▶ DATASET SECTION:

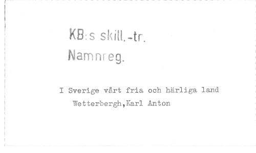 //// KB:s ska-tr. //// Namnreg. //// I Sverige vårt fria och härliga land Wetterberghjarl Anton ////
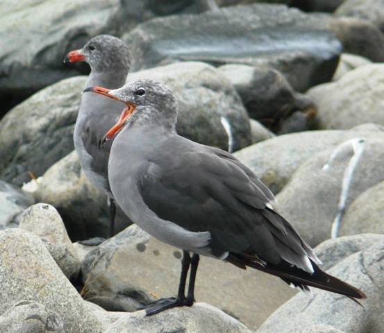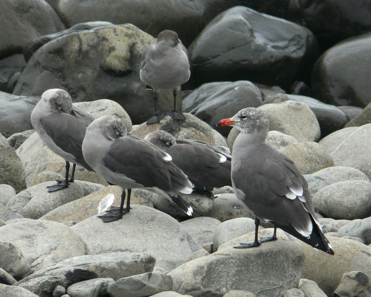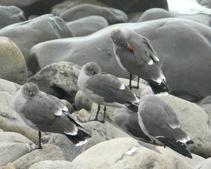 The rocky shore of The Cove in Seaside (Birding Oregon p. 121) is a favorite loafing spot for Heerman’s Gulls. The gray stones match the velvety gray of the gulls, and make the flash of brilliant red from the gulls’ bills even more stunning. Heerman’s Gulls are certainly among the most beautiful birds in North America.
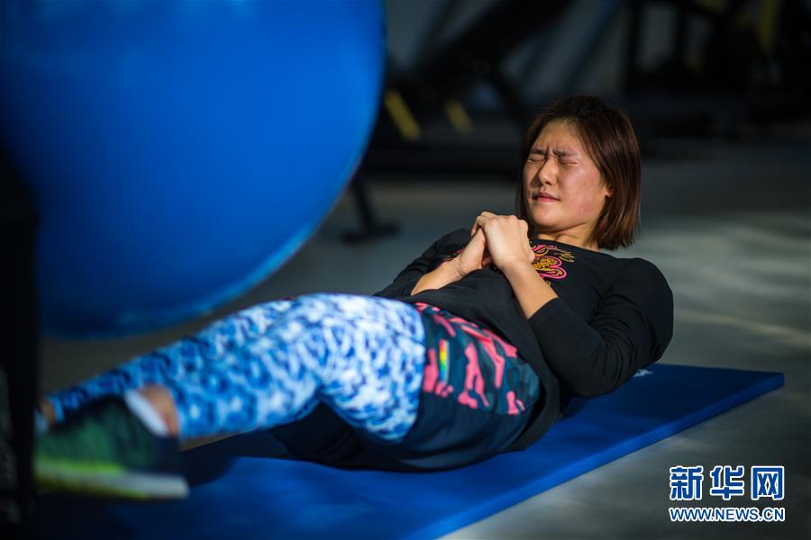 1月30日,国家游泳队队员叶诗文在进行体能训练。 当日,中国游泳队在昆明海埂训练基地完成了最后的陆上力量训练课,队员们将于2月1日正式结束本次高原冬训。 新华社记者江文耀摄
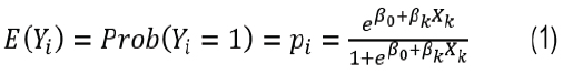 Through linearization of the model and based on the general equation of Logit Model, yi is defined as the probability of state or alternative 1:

▶ YOUR GOAL: Your task is to repeat the material above exactly, without its pictures.

▶ OUTPUT FOR THIS TASK:
 //// KB:s ska-tr. //// Namnreg. //// I Sverige vårt fria och härliga land Wetterberghjarl Anton ////
 The rocky shore of The Cove in Seaside (Birding Oregon p. 121) is a favorite loafing spot for Heerman’s Gulls. The gray stones match the velvety gray of the gulls, and make the flash of brilliant red from the gulls’ bills even more stunning. Heerman’s Gulls are certainly among the most beautiful birds in North America.
 1月30日,国家游泳队队员叶诗文在进行体能训练。 当日,中国游泳队在昆明海埂训练基地完成了最后的陆上力量训练课,队员们将于2月1日正式结束本次高原冬训。 新华社记者江文耀摄
 Through linearization of the model and based on the general equation of Logit Model, yi is defined as the probability of state or alternative 1:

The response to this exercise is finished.